_Required action_:
Your task is to repeat the entries word for word while leaving out the pictures.

(Data entries)
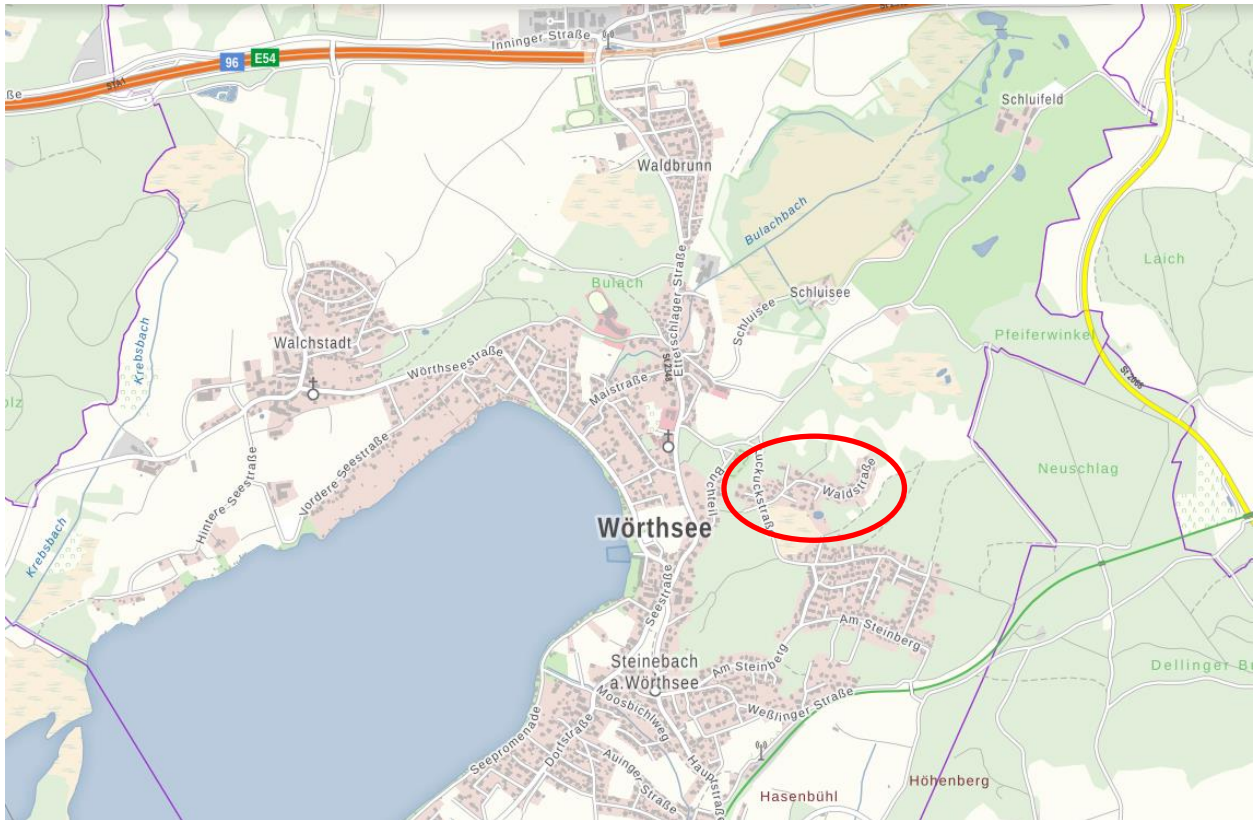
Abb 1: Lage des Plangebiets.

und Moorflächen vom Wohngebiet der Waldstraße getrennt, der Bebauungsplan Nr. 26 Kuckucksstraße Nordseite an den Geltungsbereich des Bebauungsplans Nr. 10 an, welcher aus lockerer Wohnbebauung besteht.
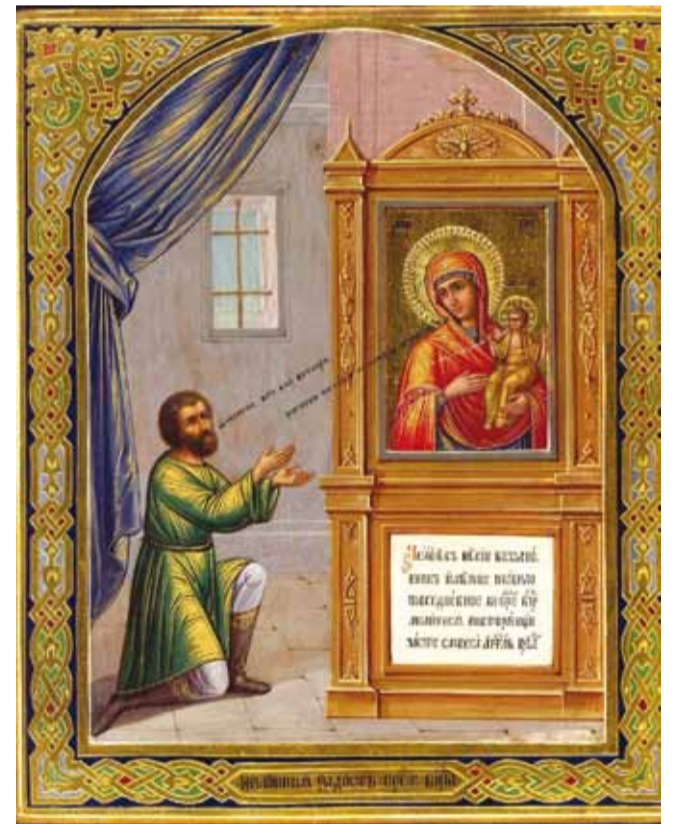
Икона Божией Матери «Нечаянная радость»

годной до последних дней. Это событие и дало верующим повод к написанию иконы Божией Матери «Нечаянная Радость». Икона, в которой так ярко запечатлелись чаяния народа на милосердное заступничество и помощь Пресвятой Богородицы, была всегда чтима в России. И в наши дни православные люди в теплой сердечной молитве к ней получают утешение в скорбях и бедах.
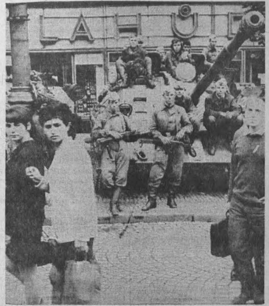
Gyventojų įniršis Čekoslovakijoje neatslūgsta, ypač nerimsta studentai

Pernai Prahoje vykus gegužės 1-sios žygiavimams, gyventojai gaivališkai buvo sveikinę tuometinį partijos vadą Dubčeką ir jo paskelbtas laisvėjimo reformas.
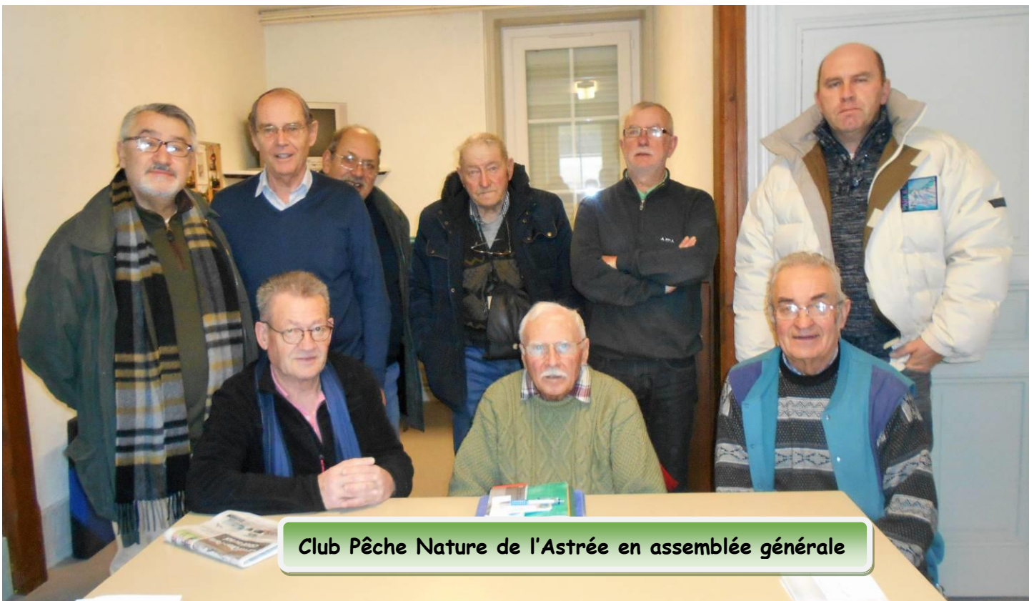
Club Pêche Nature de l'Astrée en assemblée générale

_Your solution_:
Abb 1: Lage des Plangebiets.

und Moorflächen vom Wohngebiet der Waldstraße getrennt, der Bebauungsplan Nr. 26 Kuckucksstraße Nordseite an den Geltungsbereich des Bebauungsplans Nr. 10 an, welcher aus lockerer Wohnbebauung besteht.
Икона Божией Матери «Нечаянная радость»

годной до последних дней. Это событие и дало верующим повод к написанию иконы Божией Матери «Нечаянная Радость». Икона, в которой так ярко запечатлелись чаяния народа на милосердное заступничество и помощь Пресвятой Богородицы, была всегда чтима в России. И в наши дни православные люди в теплой сердечной молитве к ней получают утешение в скорбях и бедах.
Gyventojų įniršis Čekoslovakijoje neatslūgsta, ypač nerimsta studentai

Pernai Prahoje vykus gegužės 1-sios žygiavimams, gyventojai gaivališkai buvo sveikinę tuometinį partijos vadą Dubčeką ir jo paskelbtas laisvėjimo reformas.
Club Pêche Nature de l'Astrée en assemblée générale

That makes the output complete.